**** DATASET SECTION ****

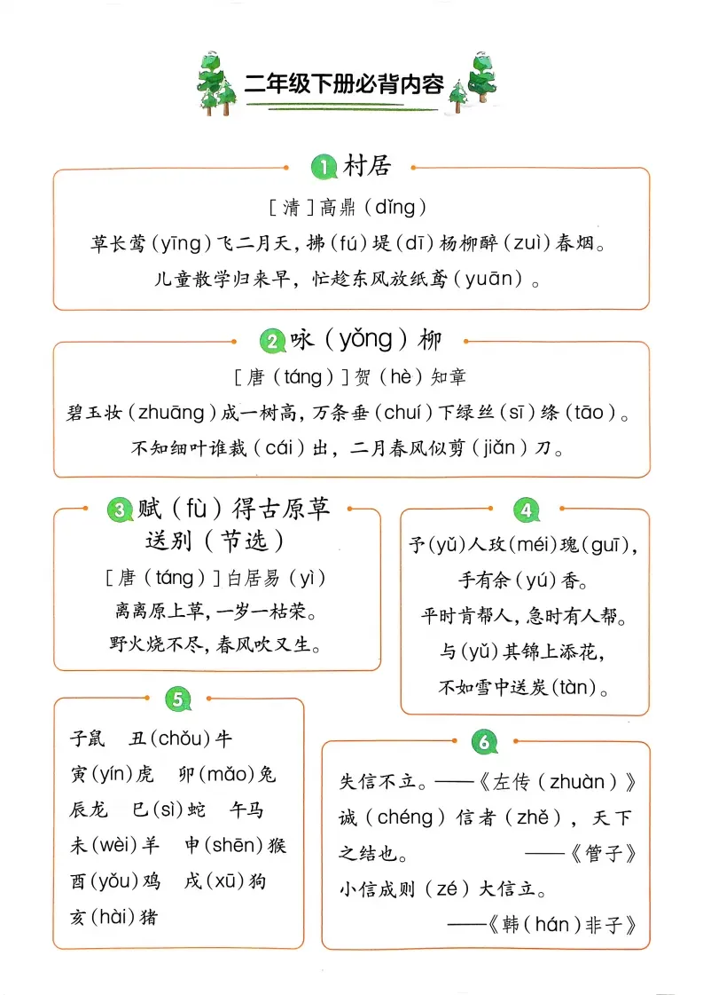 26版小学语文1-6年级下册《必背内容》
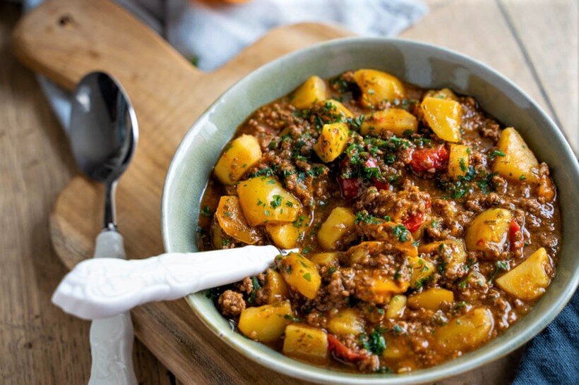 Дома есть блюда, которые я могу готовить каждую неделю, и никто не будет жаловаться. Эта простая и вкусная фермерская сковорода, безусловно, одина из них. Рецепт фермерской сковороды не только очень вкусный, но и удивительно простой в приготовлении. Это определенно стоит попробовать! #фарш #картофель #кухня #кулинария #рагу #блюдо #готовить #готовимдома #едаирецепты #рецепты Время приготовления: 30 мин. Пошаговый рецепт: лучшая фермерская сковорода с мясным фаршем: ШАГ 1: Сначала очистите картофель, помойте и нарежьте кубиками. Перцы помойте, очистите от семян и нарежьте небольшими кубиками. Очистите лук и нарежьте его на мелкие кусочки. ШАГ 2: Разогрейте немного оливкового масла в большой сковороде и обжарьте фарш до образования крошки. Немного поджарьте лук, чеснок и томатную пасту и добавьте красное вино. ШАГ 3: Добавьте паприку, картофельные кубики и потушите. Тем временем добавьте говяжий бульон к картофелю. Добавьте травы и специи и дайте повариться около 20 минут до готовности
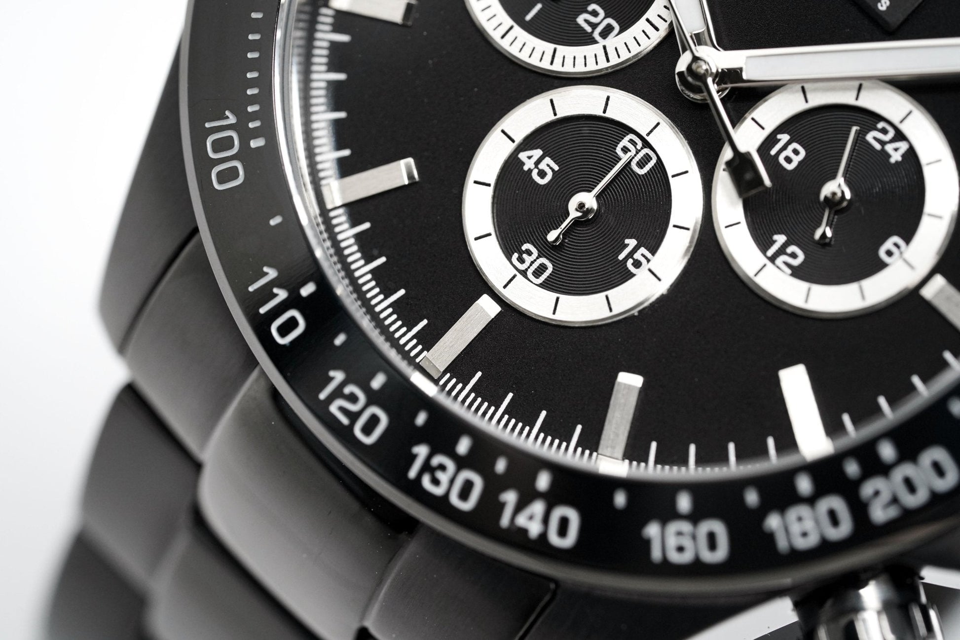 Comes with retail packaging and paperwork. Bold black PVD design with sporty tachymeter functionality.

****

PROBLEM DETAILS: The whole listing above should be restated word for word, minus any images.

WRITTEN REPLY:
 26版小学语文1-6年级下册《必背内容》
 Дома есть блюда, которые я могу готовить каждую неделю, и никто не будет жаловаться. Эта простая и вкусная фермерская сковорода, безусловно, одина из них. Рецепт фермерской сковороды не только очень вкусный, но и удивительно простой в приготовлении. Это определенно стоит попробовать! #фарш #картофель #кухня #кулинария #рагу #блюдо #готовить #готовимдома #едаирецепты #рецепты Время приготовления: 30 мин. Пошаговый рецепт: лучшая фермерская сковорода с мясным фаршем: ШАГ 1: Сначала очистите картофель, помойте и нарежьте кубиками. Перцы помойте, очистите от семян и нарежьте небольшими кубиками. Очистите лук и нарежьте его на мелкие кусочки. ШАГ 2: Разогрейте немного оливкового масла в большой сковороде и обжарьте фарш до образования крошки. Немного поджарьте лук, чеснок и томатную пасту и добавьте красное вино. ШАГ 3: Добавьте паприку, картофельные кубики и потушите. Тем временем добавьте говяжий бульон к картофелю. Добавьте травы и специи и дайте повариться около 20 минут до готовности
 Comes with retail packaging and paperwork. Bold black PVD design with sporty tachymeter functionality.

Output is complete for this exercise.